# cactus call



## Final Strut

A while back ripjack13 (Marc) sent me a cactus puck that he had gotten and wanted a turkey call done. It was interesting material to work with and I think it came out prety good. Here it is. It is slate over a maple sound board. The pic really doesn't do any justice to the colors in this blank.

Reactions: Like 3


----------



## justturnin

I love seeing these casts turned. That Cholla gives such a unique look. Did you have any issues? I know finishing can be a bit time consuming because of the small voids but I love this stuff. You did a fantastic job polishing her up. What kind of finish is on there?


----------



## Twig Man

Awesome job


----------



## davduckman2010

beutifull strut  duck


----------



## ripjack13

OMG OMG OMG




:irishjig:


I am speechless. Scott...that looks incredible....

**edit.
I am showin it off already....

http://www.mossbergowners.com/viewtopic.php?f=35&t=5117&p=65688#p65688


----------



## DKMD

Very nice! I like that color combo!


----------



## bearmanric

Sweet work on that call. Rick


----------



## Final Strut

justturnin said:


> I love seeing these casts turned. That Cholla gives such a unique look. Did you have any issues? I know finishing can be a bit time consuming because of the small voids but I love this stuff. You did a fantastic job polishing her up. What kind of finish is on there?



Chris the only issue I had with it was the fact that that cactus likes to eat tools. I have had some carbide mini lathe tool tips laying in my shop for over a year and I was forced to break down and make the tool to put them in. Other than that it turned great. The little voids were very minimal. Like I said the pic does no justice to the color in that call. I cast in poly resin but I may just have to break down and try some alumalite.


----------



## NYWoodturner

Super Nice work... Almost too nice to take into the woods !
Scott

Reactions: Like 1


----------



## Final Strut

davduckman2010 said:


> beutifull strut  duck



Yours are the next ones out the door Dave.


----------



## Final Strut

Thanks for all the kind words guys. I have seen M Yingling crankin these babies out and I have yet to see one of Chris' blanks that I don't like. I am really glad that Marc contacted me to do this for him. 

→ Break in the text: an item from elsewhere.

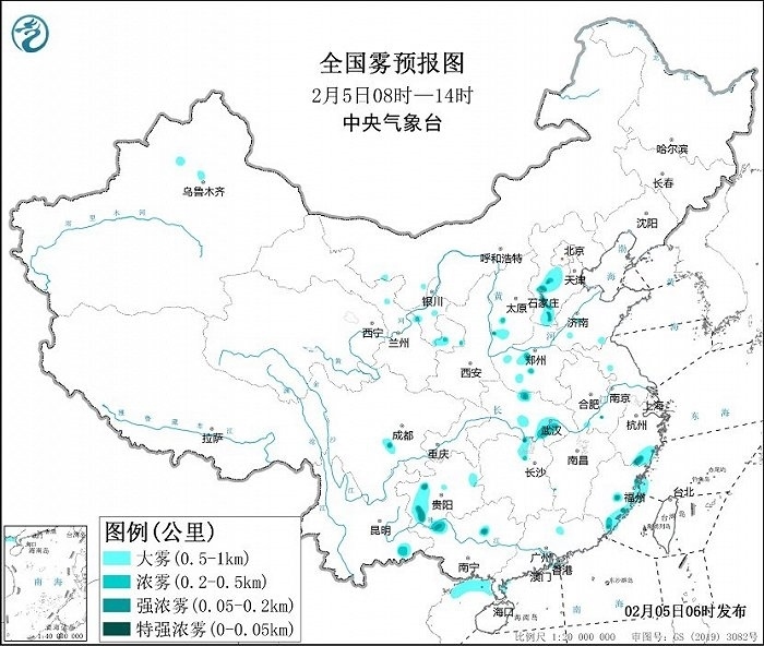中央氣象臺2月5日06時繼續(xù)發(fā)布大霧黃色預(yù)警

Oh, It has a CA finish on it.


----------



## ripjack13

I just got my call in the mail today! It sounds great! I can get so many different tones out of it. I am very, very happy with it. Kudos to Scott at Final Strut Game Calls for doing a quality job!

http://i.Rule #2/4uXorl.jpg
http://i.Rule #2/lOsBsl.jpg
http://i.Rule #2/BTkdfl.jpg
http://i.Rule #2/QeD2xl.jpg
http://i.Rule #2/YUecol.jpg
http://i.Rule #2/SrspOl.jpg
http://i.Rule #2/2Ma5Xl.jpg
http://i.Rule #2/oBPEpl.jpg

He also made a striker for it as well. The two of them are a match made in Turkey heaven.
I've been playin around with it for the last 2 hours....I can't stop!!!

I'd also like to thank shadetree_1 and justturnin for supplying a great looking blank!



Scott, thank you so very much for making this. I could not be any happier with it.

Reactions: Like 1


----------



## ripjack13

So I'm out in the field lookin for gobblers. Haven't seen any yet, nor heard a one, but my call sounds awesome!!!!


----------



## Kevin

ripjack13 said:


> So I'm out in the field lookin for gobblers. Haven't seen any yet, nor heard a one, but my call sounds awesome!!!!



Cool. This may be WBers first field report. If you bag one let us know pronto. Real time hunting reports oh yah! 


I have my 590A1 right beside me but I'm not in the field.


----------



## Final Strut

I am glad you are happy with it Marc. I know I was quite pleased with the way it came out. Make sure to post up pics when it brings one to the barrel


----------



## ripjack13

Just checking in on ya. Hows the calls coming along? I am really enjoying mine. I had the chance to call in 4 this past weekend with mine, and then the local farmer decided to dump a load of manure at 730am and that was all she wrote. Did not see or hear anymore the rest of the day.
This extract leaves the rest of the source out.